### Description of the task
Your task is to repeat all of the data exactly while excluding the pictures.

### Dataset content
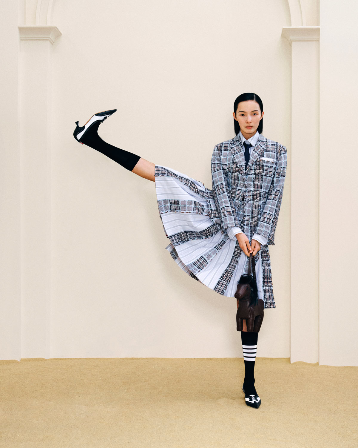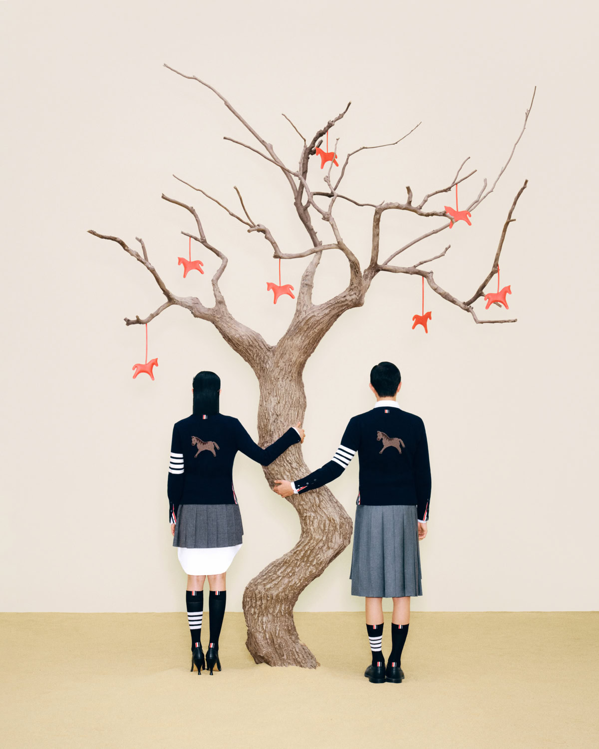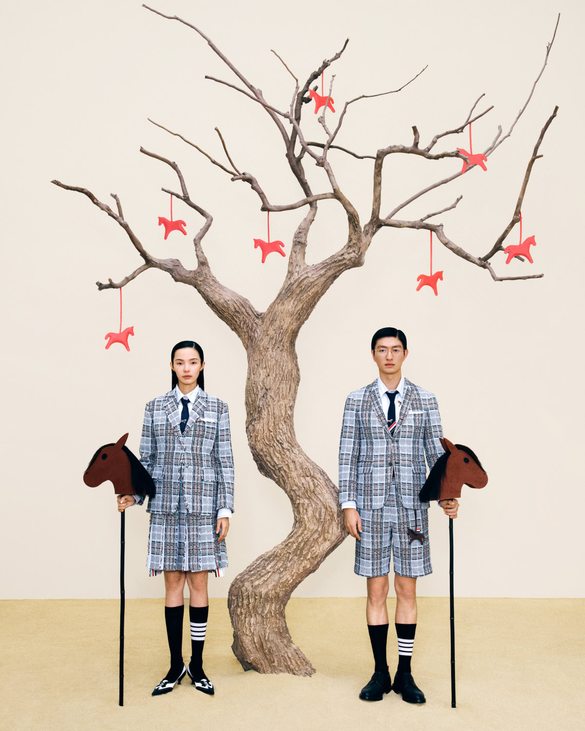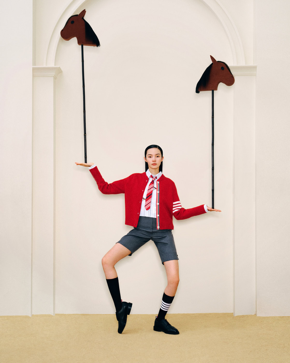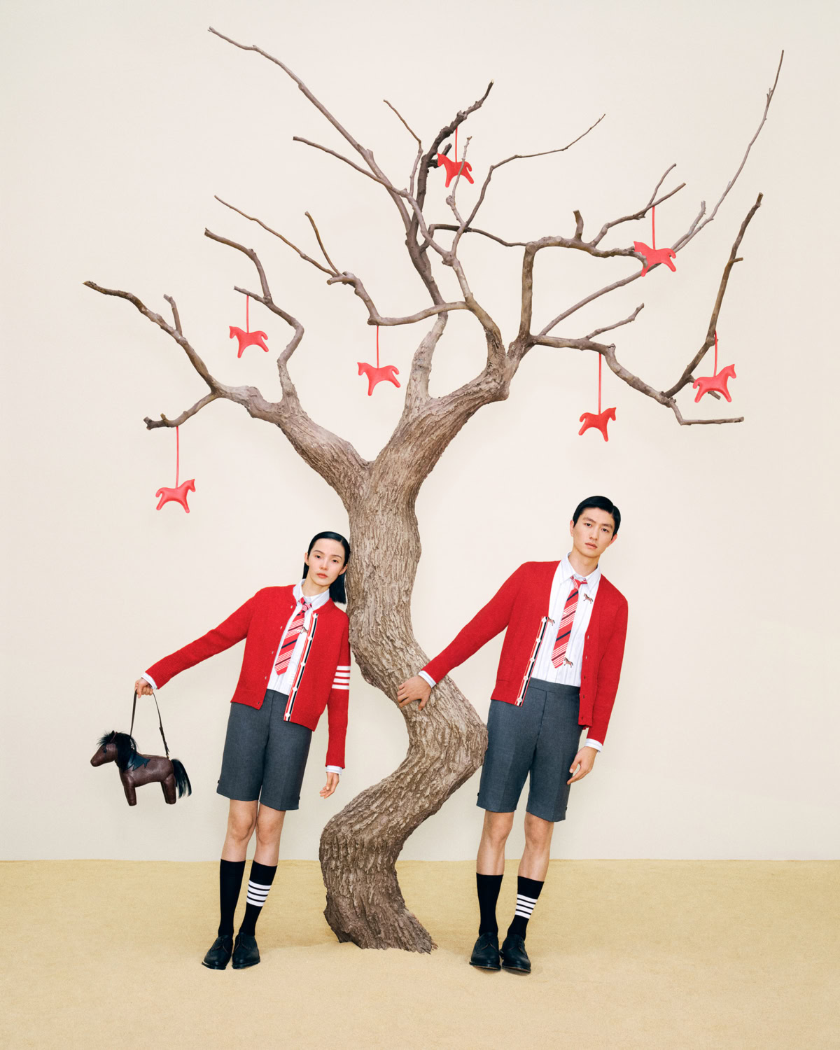 The Encounter (如期而遇) is the hottest iteration of the original campaign created in 2025 for Lunar New Year. Across a series of still images shot by Li Sihao and a short film directed by Gu You, Miu Miu has symbolised the free-spirit of the horse, blending modernity and memory in cinematic form. The film was shot next to the Gongwang Art Museum located on the architectural landscape of Hangzhou – surrounded by wintry mist, red spheres and hilly viewpoints. The accompanying collection is filled to the brim with structured yet relaxed silhouettes in a palette of neutrals that are brought out by sudden and momentary pops of prosperous rouge. Auspiciously charming accessories include the Wander, Arcadie and Aventure bag styles and customisable lucky bag charms, amongst other exclusive shoppables. Additional festive activations will arise on Donghu Road, Shanghai (Jan 23-25), and Lexie Liu, who stars in the campaign alongside Zhao Jinmai, will release a single on Jan 19 titled Chun alongside a special launch at the Miu Miu iAPM store. A subtle but thoughtful provocation, Miu Miu canters into the Year of the Horse with stylish vitality, and a little help from some friends.
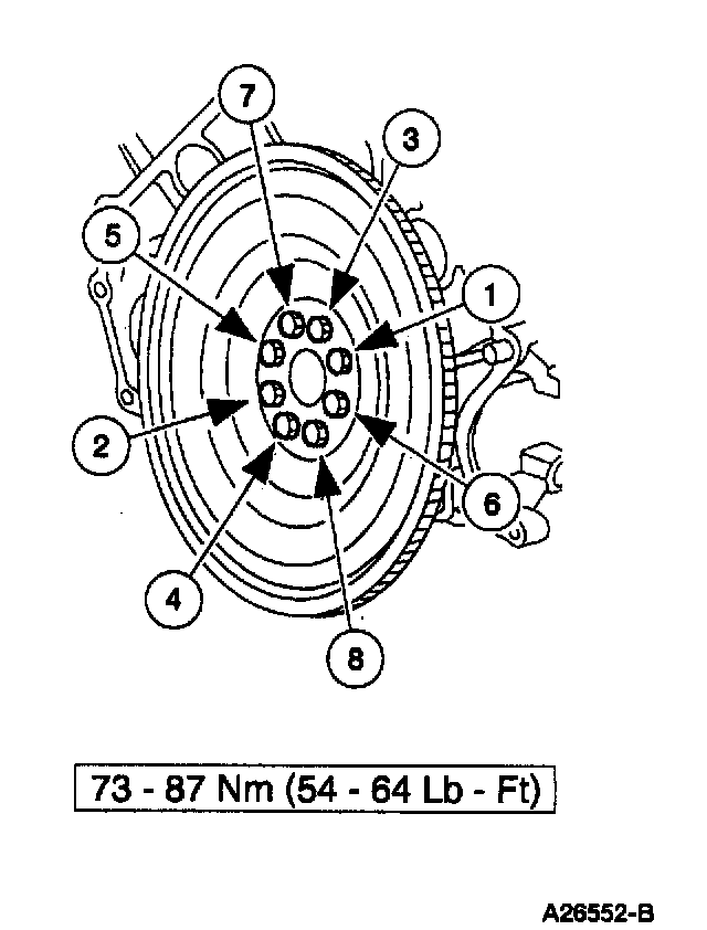 16. Install and tighten the four new nuts retaining the torque converter.
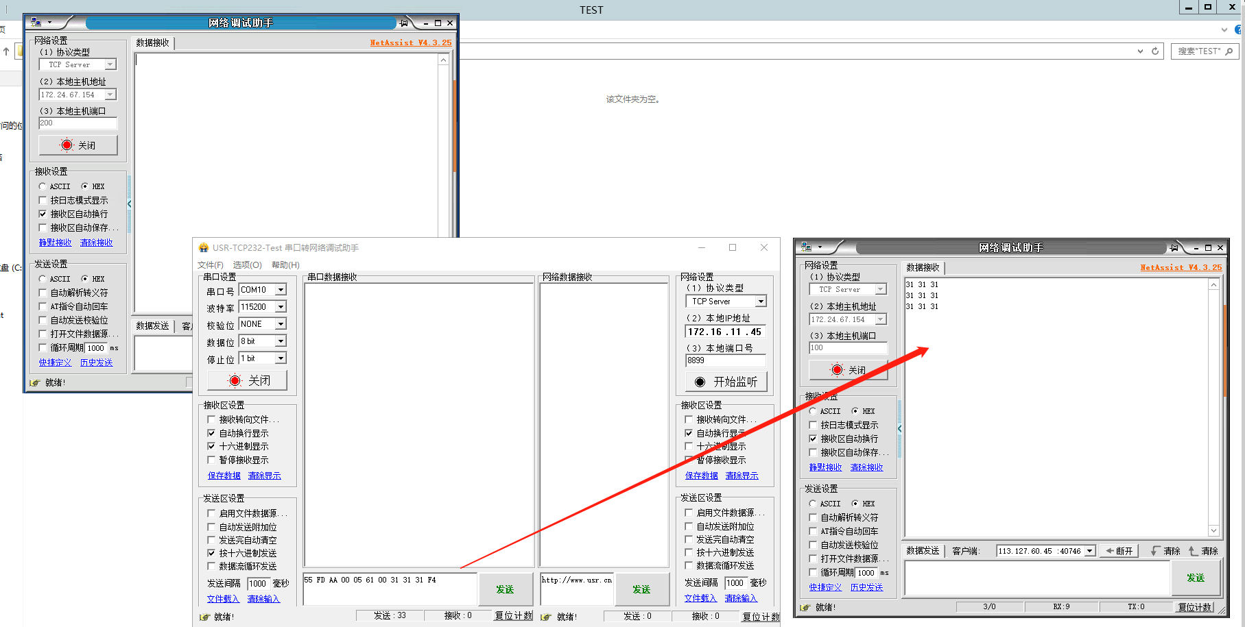 按照規則計算,得出向服務器B(參數區用62 00)發送數據32 32 32是HEX格式的:55 FD AA 00 05 62 00 32 32 32 F8
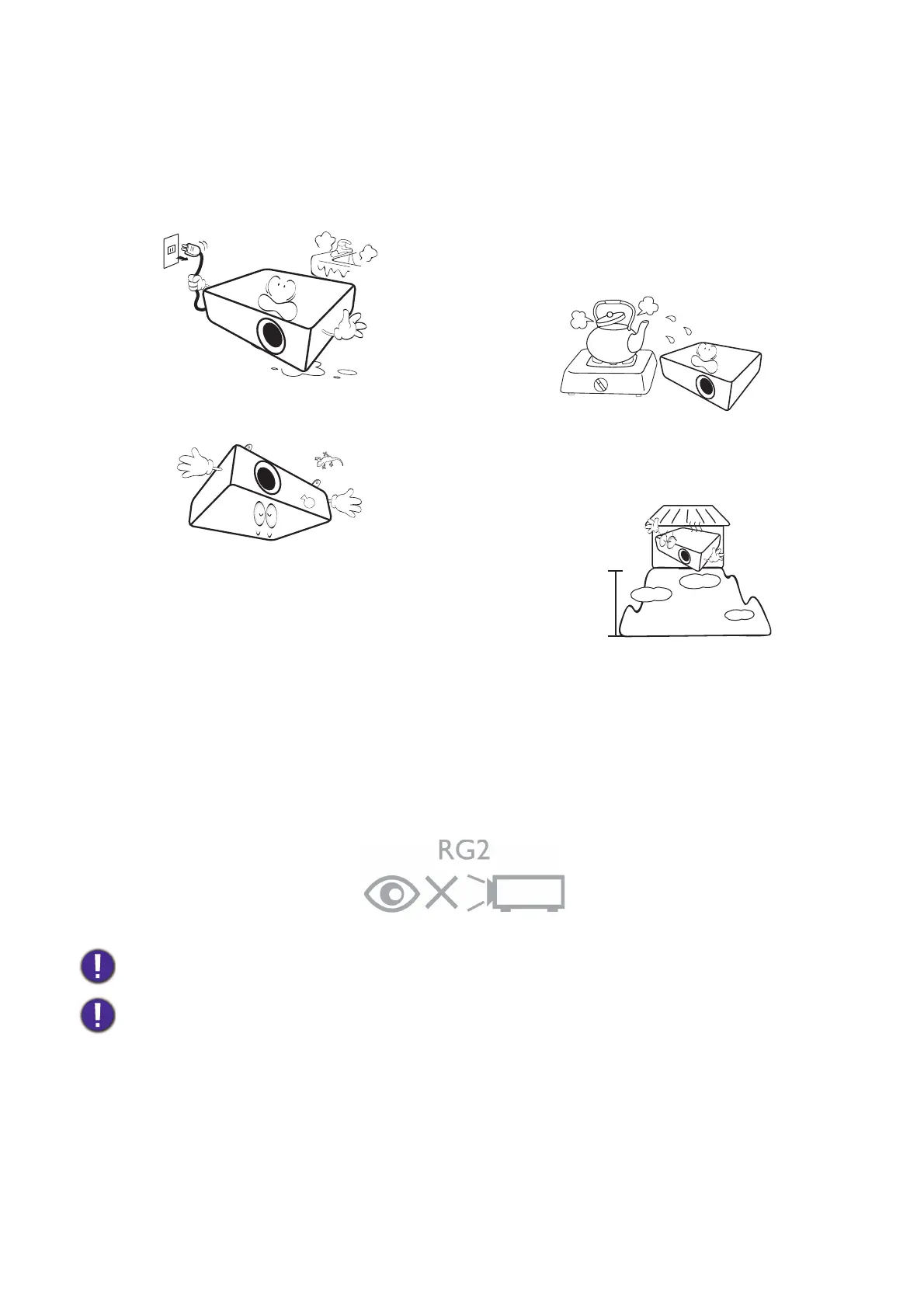 To avoid damaging the DLP chips, never aim a high-power laser beam into the projection lens.

### Exercise response
 The Encounter (如期而遇) is the hottest iteration of the original campaign created in 2025 for Lunar New Year. Across a series of still images shot by Li Sihao and a short film directed by Gu You, Miu Miu has symbolised the free-spirit of the horse, blending modernity and memory in cinematic form. The film was shot next to the Gongwang Art Museum located on the architectural landscape of Hangzhou – surrounded by wintry mist, red spheres and hilly viewpoints. The accompanying collection is filled to the brim with structured yet relaxed silhouettes in a palette of neutrals that are brought out by sudden and momentary pops of prosperous rouge. Auspiciously charming accessories include the Wander, Arcadie and Aventure bag styles and customisable lucky bag charms, amongst other exclusive shoppables. Additional festive activations will arise on Donghu Road, Shanghai (Jan 23-25), and Lexie Liu, who stars in the campaign alongside Zhao Jinmai, will release a single on Jan 19 titled Chun alongside a special launch at the Miu Miu iAPM store. A subtle but thoughtful provocation, Miu Miu canters into the Year of the Horse with stylish vitality, and a little help from some friends.
 16. Install and tighten the four new nuts retaining the torque converter.
 按照規則計算,得出向服務器B(參數區用62 00)發送數據32 32 32是HEX格式的:55 FD AA 00 05 62 00 32 32 32 F8
 To avoid damaging the DLP chips, never aim a high-power laser beam into the projection lens.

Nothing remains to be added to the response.